Items from a data source:

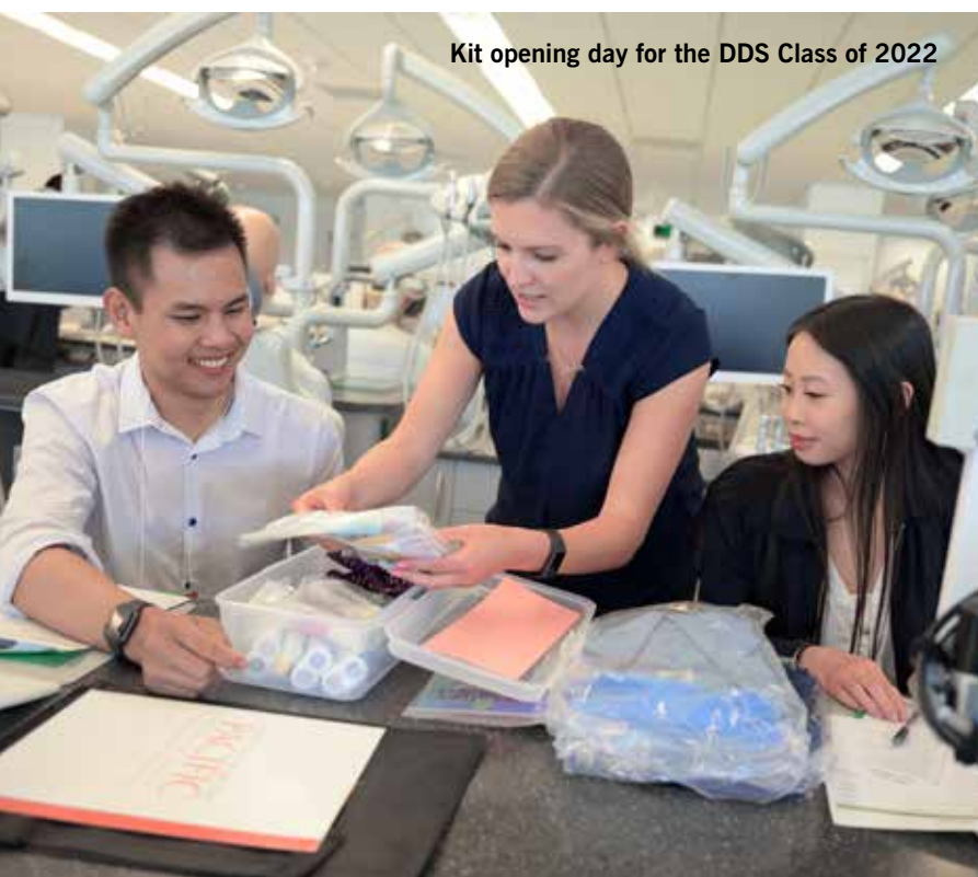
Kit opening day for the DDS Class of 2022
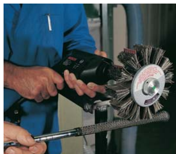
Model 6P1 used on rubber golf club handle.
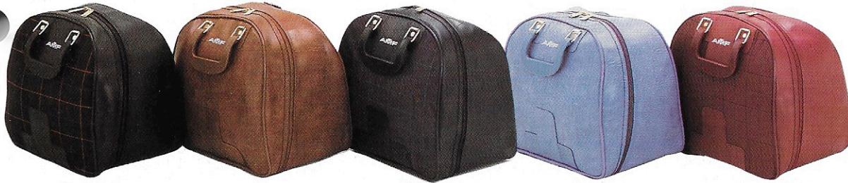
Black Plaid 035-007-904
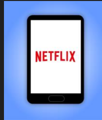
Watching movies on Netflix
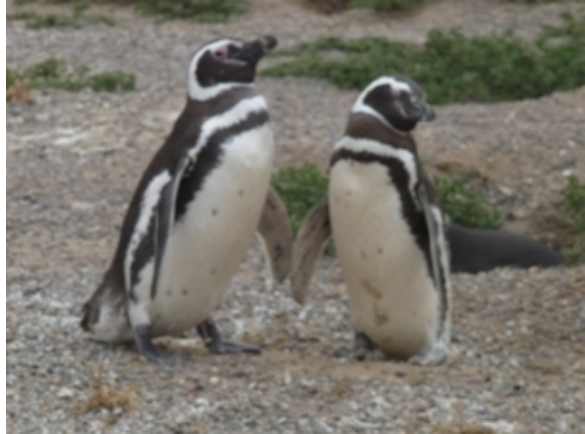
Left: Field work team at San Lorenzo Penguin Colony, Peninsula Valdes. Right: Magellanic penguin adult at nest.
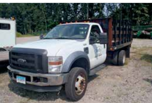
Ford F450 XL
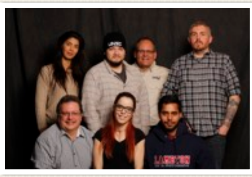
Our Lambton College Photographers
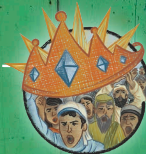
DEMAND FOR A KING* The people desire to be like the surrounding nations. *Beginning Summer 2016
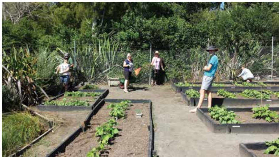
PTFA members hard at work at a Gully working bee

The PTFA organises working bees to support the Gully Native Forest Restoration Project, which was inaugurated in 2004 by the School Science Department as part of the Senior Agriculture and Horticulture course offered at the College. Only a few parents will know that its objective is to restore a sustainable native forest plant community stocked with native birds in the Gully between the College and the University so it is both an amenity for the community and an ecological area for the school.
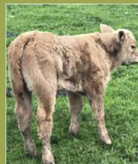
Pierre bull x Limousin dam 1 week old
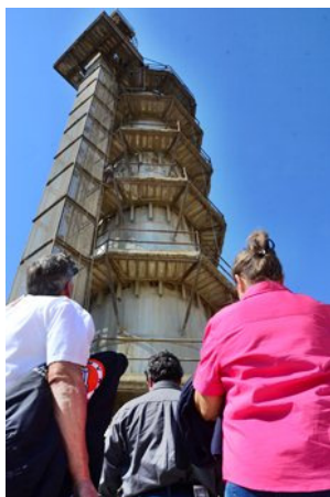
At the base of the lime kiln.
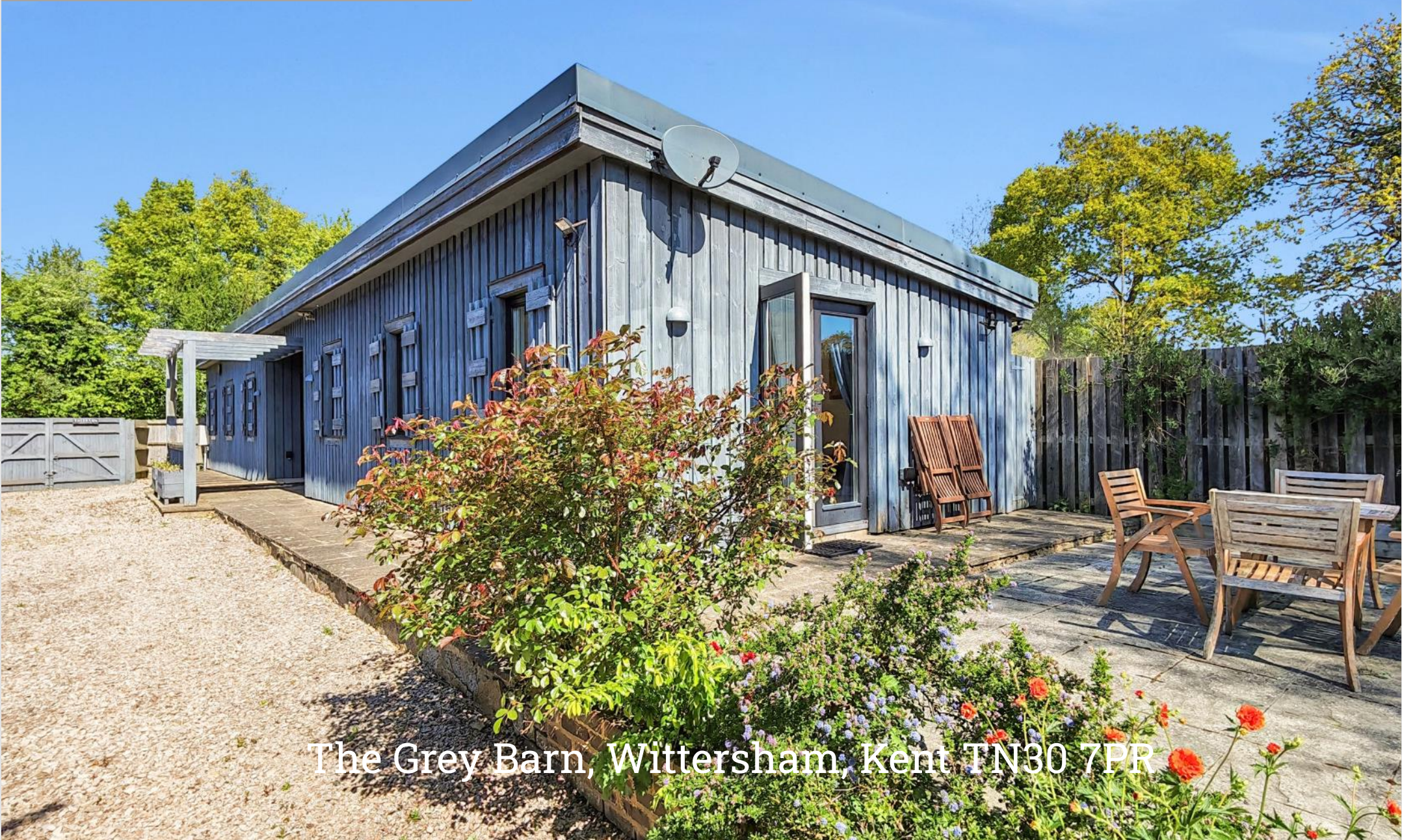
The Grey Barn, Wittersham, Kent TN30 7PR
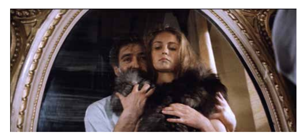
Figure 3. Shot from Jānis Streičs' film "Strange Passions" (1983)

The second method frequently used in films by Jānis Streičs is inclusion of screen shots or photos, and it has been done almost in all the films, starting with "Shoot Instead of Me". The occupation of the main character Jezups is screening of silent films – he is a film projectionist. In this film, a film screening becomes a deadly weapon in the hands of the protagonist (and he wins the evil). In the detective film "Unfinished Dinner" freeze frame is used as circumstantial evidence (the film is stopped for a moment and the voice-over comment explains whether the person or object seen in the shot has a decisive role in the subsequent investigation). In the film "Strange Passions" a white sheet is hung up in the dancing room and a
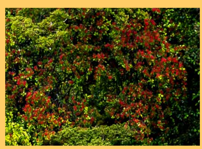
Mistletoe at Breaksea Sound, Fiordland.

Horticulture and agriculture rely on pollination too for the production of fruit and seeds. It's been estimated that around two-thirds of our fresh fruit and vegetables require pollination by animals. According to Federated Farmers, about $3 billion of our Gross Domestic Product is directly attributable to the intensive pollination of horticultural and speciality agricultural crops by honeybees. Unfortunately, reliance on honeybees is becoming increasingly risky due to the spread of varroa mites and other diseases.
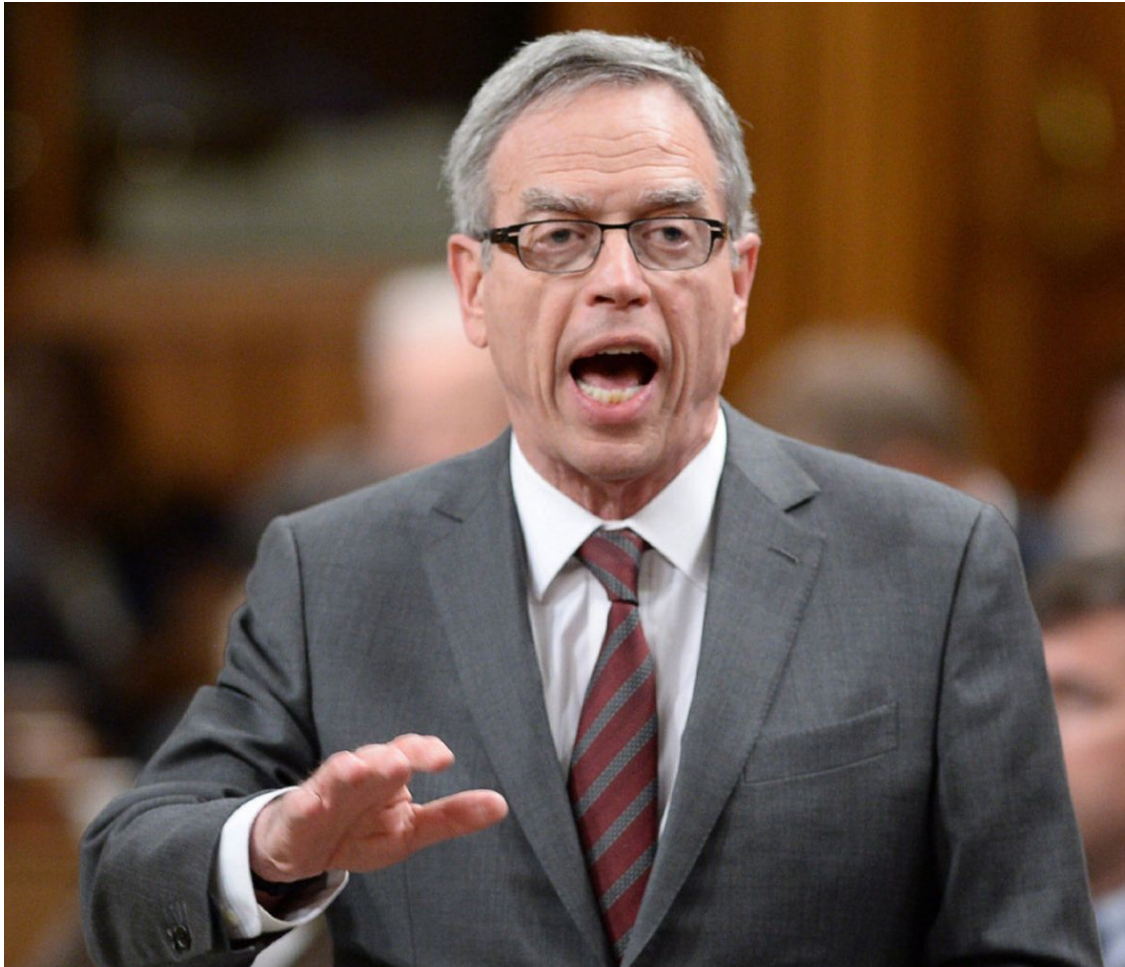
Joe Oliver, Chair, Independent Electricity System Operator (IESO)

**Problem description**.
The expected answer is a copy of each line above containing "film".

**Output for this task**.
Figure 3. Shot from Jānis Streičs' film "Strange Passions" (1983)
The second method frequently used in films by Jānis Streičs is inclusion of screen shots or photos, and it has been done almost in all the films, starting with "Shoot Instead of Me". The occupation of the main character Jezups is screening of silent films – he is a film projectionist. In this film, a film screening becomes a deadly weapon in the hands of the protagonist (and he wins the evil). In the detective film "Unfinished Dinner" freeze frame is used as circumstantial evidence (the film is stopped for a moment and the voice-over comment explains whether the person or object seen in the shot has a decisive role in the subsequent investigation). In the film "Strange Passions" a white sheet is hung up in the dancing room and a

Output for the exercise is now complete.